# Negative numbers

A negative number is any number that is less than zero. Negative numbers are written with a negative sign (-) in front of them. "-5" is read as negative 5 and has the same magnitude as 5, just in the opposite direction on the number line, as shown in the figure below.

The number line shows that both -5 and 5 have the same magnitude, so -5 + 5 = 0.

The further left on the number line, the more negative the number is, and the smaller the number. The number line extends to negative infinity left of 0, and positive infinity to the right.

Negative numbers are something we are likely to encounter in our daily lives, such as the temperature, so understanding how to perform basic arithmetic using negative numbers can be helpful.
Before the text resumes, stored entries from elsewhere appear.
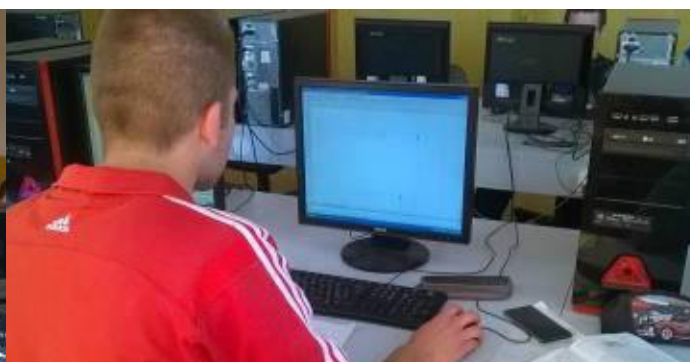
SÚŤAŽ V TECHNICKOM KRESLENÍ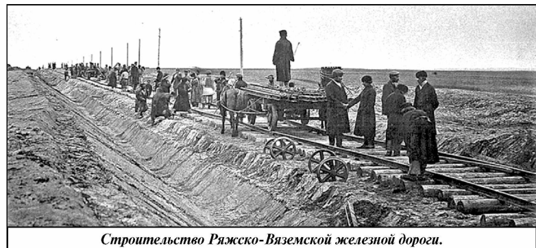
Строительство Рязско-Вяземской железной дороги.

насыпи. Землю подвозили конные подводы с возчиками. Деревянные шпалы пропитке не подвергались. Рельсы были различной длины - от 5,6 до 6,5 метров, весом по 26 килограммов метр. Часто шпалы и рельсы укладывались прямо на земляное полотно, без подсыпки щебня.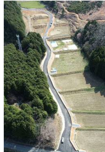
④-2 豊田地区工事用道路工事【完成】 【工事内容】工事用道路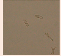
8c. 葉かび病菌 の分生子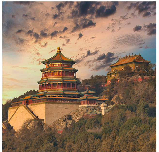
Tour di gruppo

Dalle millenarie capitali imperiali alle futuristiche metropoli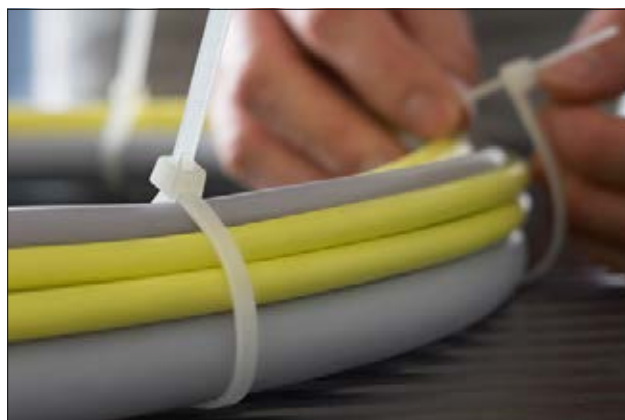
Colliers réouvrables de la série RELK en application.

Flashez moi ! Et visualisez la vidéo de montage RELK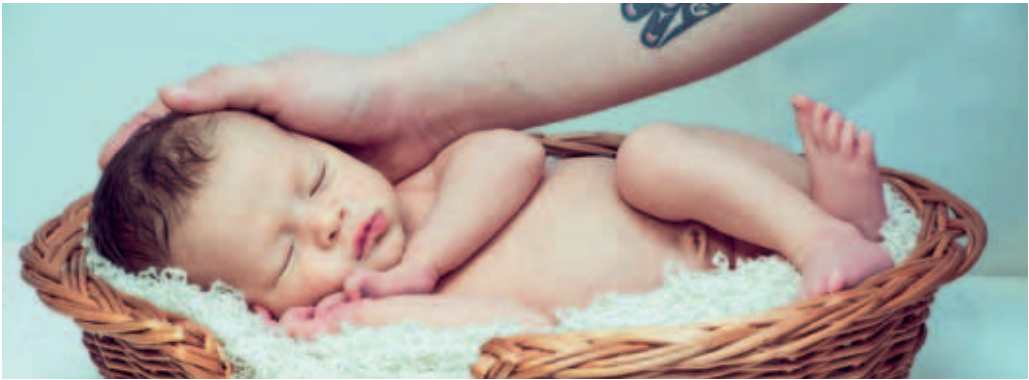
v.l.: Inhalte der Bilder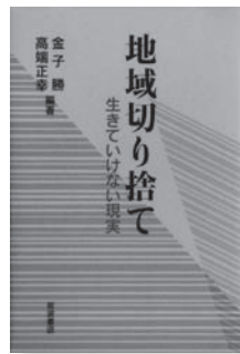
地域切り捨て 生きていけない現実 編著：金子勝、高端正幸 【岩波書店】

◆いま、地方が悲鳴をあげている。中曽根政権にはじまる「民活」、小泉政権で大きく舵を切った「官から民へ」の政策は、地方に何をもたらしたのか。その現状をルポし、オルタナティブを提示する。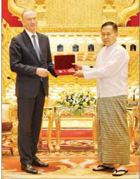
ရုရှားဖက်ဒရေးရှင်းနိုင်ငံ လုံခြုံရေးကောင်စီ အတွင်းရေးမှူး Mr. Nikolai PATRUSHEV က နိုင်ငံတော်စီမံအုပ်ချုပ်ရေးကောင်စီ ဒုတိယဥက္ကဋ္ဌ ဒုတိယဝန်ကြီးချုပ် ဒုတိယဗိုလ်ချုပ်မှူးကြီး စိုးဝင်းထံ Order of Friendship ဘွဲ့တံဆိပ်ကို လက်ရောက်အပ်နှင်းစဉ်။

မှူးက နိုင်ငံတော်စီမံအုပ်ချုပ်ရေးကောင်စီဥက္ကဋ္ဌ နိုင်ငံတော်ဝန်ကြီးချုပ် ဗိုလ်ချုပ်မှူးကြီး မင်းအောင်လှိုင်ထံ ရုရှားဖက်ဒရေးရှင်းနိုင်ငံ သမ္မတ မစ္စတာ ဗလာဒီမာပူတင်က ချီးမြှင့်အပ်နှင်းသည့် Order of Alexander Nevsky ဘွဲ့တံဆိပ်ကို လက်ရောက်အပ်နှင်းသည်။

## Operations with negative numbers

There are a few rules for how to use negative numbers when performing arithmetic operations.

### Addition

Adding a negative number is like subtracting a positive number.

5 + (-3) = 2

We can rewrite the above as:

5 - 3 = 2

The same is true regardless what position the negative number is in:

-3 + 5 = 5 - 3 = 2

When adding two negative numbers, the result is even more negative:

-3 + (-5) = -3 - 5 = -8

Generally, when adding positive and negative numbers, determine which value is larger, then subtract the two values and apply the sign of the larger value.

### Subtraction

Subtracting a negative number is like adding a positive number since two negative numbers make a positive number:

5 - (-3) = 5 + 3 = 8

-9 - (-8) = -9 + 8 = -1

### Multiplication and division

Multiplication and division follow the same rules regarding negative numbers:

positive × positive = positive |

negative × negative = positive |

positive × negative = negative |

negative × positive = negative |

Essentially, an odd number of negatives being multiplied or divided has a negative result. An even number of negatives being multiplied or divided has a positive result:

-3 × -4 ÷ 2 = 6

-3 × 4 ÷ 2 = -6

-3 × (-4) × (-1) ÷ 2 = -6